This would be the post in which I whine about my pathetic life, with violin music in the background.
Well, no not really. Maybe just a little in the beginning.
To date: I had a wearying and self-absorbed three weeks at a new job (with benefits) and thought I was going to suffocate or go mad. So much like an assembly line, a sweat shop, so rote, so . . so . . so wrong for me.
I am a free-range chicken, apparently.
I’ve gone back to private practice. Back to the road. Back to my free-wheeling, take your chances contract life.
In other news:
Mrs. BC and I went to the Jemez last weekend for our anniversary and enjoyed it mightily. Friday was my last day at the new/old job, Saturday was the first anniversary since our lovely wedding last summer in Quebec and the 11th since our first ceremony.
We slept a bit and made good food and had massage and tubs at the hot springs. Then we went shopping and picked out jewelry for each other from the street vendor outside of the biker bar on the main street in Jemez.
We played Scrabble and read cheap romance novels. We had bacon lettuce and tomato sandwiches for lunch.

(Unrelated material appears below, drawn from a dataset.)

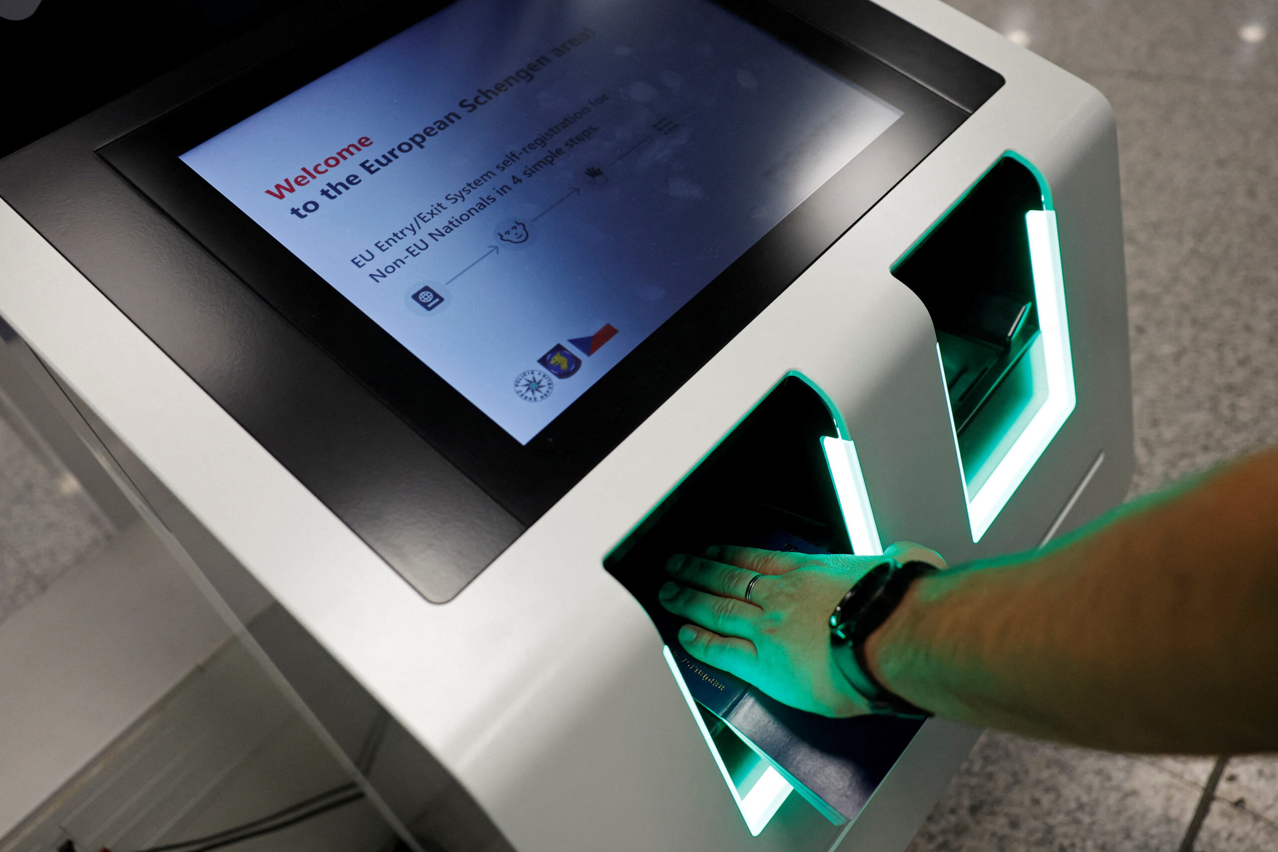 Фото: Полицейский сканирует паспорт во время демонстрации автоматизированного терминала для регистрации в системе въезда/выезда (Entry/Exit System, EES), которая обязывает всех граждан стран, не входящих в ЕС, при первом въезде в Шенгенскую зону предоставлять персональные данные, включая отпечатки пальцев и изображения лица. Аэропорт Вацлава Гавела в Праге, 14 октября 2025 года. REUTERS/David W Cerny

The massage I had on the third day was the best. The massage therapist directed me to visualize my “happy place” and I, being quite malleable after three days of soaking, napping and lying around, immediately saw my own front yard, from various angles. The grape vines, the honeysuckle, the rose of sharon, the hollyhocks. The barns, the willow tree, the cottonwood, the geese marching solemnly, wings tucked back hasidim-wise, nodding their heads thoughtfully.
What a marvelous thing, how fortunate we are, my wife and I, to live in our own happy place. How lucky I am to be able to turn around and walk right back to my previous work, without even missing a step. How lucky the two of us to have found each other.
No woe allowed. I am too damn lucky.